The Philadelphia Archdiocese was asked to comment on Catanzaro’s Commonweal article, and Kenneth Gavin, a spokesman for the Philadelphia Archdiocese, issued a statement that did not challenge the assertions in her article, but did not provide specific responses. The archdiocese’s investigation of the grand jury’s charges has not been completed. In addition:
“The Archdiocese of Philadelphia’s understanding of the best methods for investigating and taking action on reported allegations of sexual abuse, especially those that civil authorities do not pursue, has continually changed over the years. Despite all the work that has been done, there is clearly much more to do.”
In the wake of the scandal, the statement continued, Cardinal Rigali “created a new position, delegate for investigations, to which he named Mr. Albert Toczydlowski, a former Philadelphia deputy district attorney with over 30 years of experience. Since taking this position, Mr. Toczydlowski … has been responsible for immediately reporting any new allegations (current or historical) to law enforcement.”
Ideally, the new Delegate for Investigations, along with the Office of Child and Youth Protection, which includes victims’ services and safe environment training, and the lay review board, will keep Cardinal Rigali well informed. Donna Farrell, a spokeswoman for the archdiocese, confirmed that after the grand jury report the archdiocese had hired at least three additional experts, including a victims services consultant and a former sex-crimes prosecutor, who is reviewing cases of concern to the grant jury.

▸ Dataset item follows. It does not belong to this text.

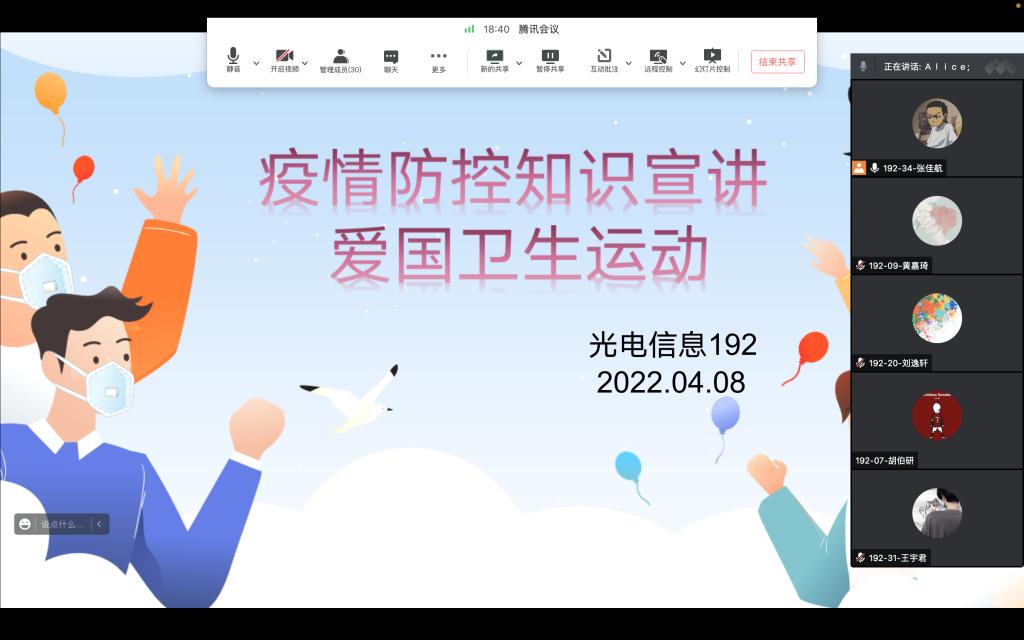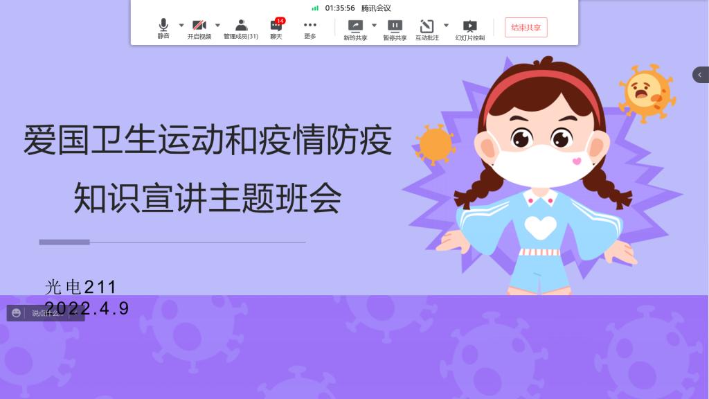 按照《关于莲湖校区学生公寓驻楼工作专班后续有关工作的通知》,2022年4月6日至4月10日,KY开元集团官网各班级陆续召开了“爱国卫生运动及疫情防疫知识宣讲”线上主题班会。

Diane Knight suggested that larger U.S. dioceses with “significant resources” might replicate the Philadelphia Archdiocese’s decision to segregate victims services from the entire process of receiving and investigating abuse allegations.
But, as Cardinal Levada’s circular letter made clear: The archbishop, and no one else, bears ultimate responsibility for the protection of his flock from predatory priests.
Register senior editor Joan Frawley Desmond writes from Chevy Chase, Maryland.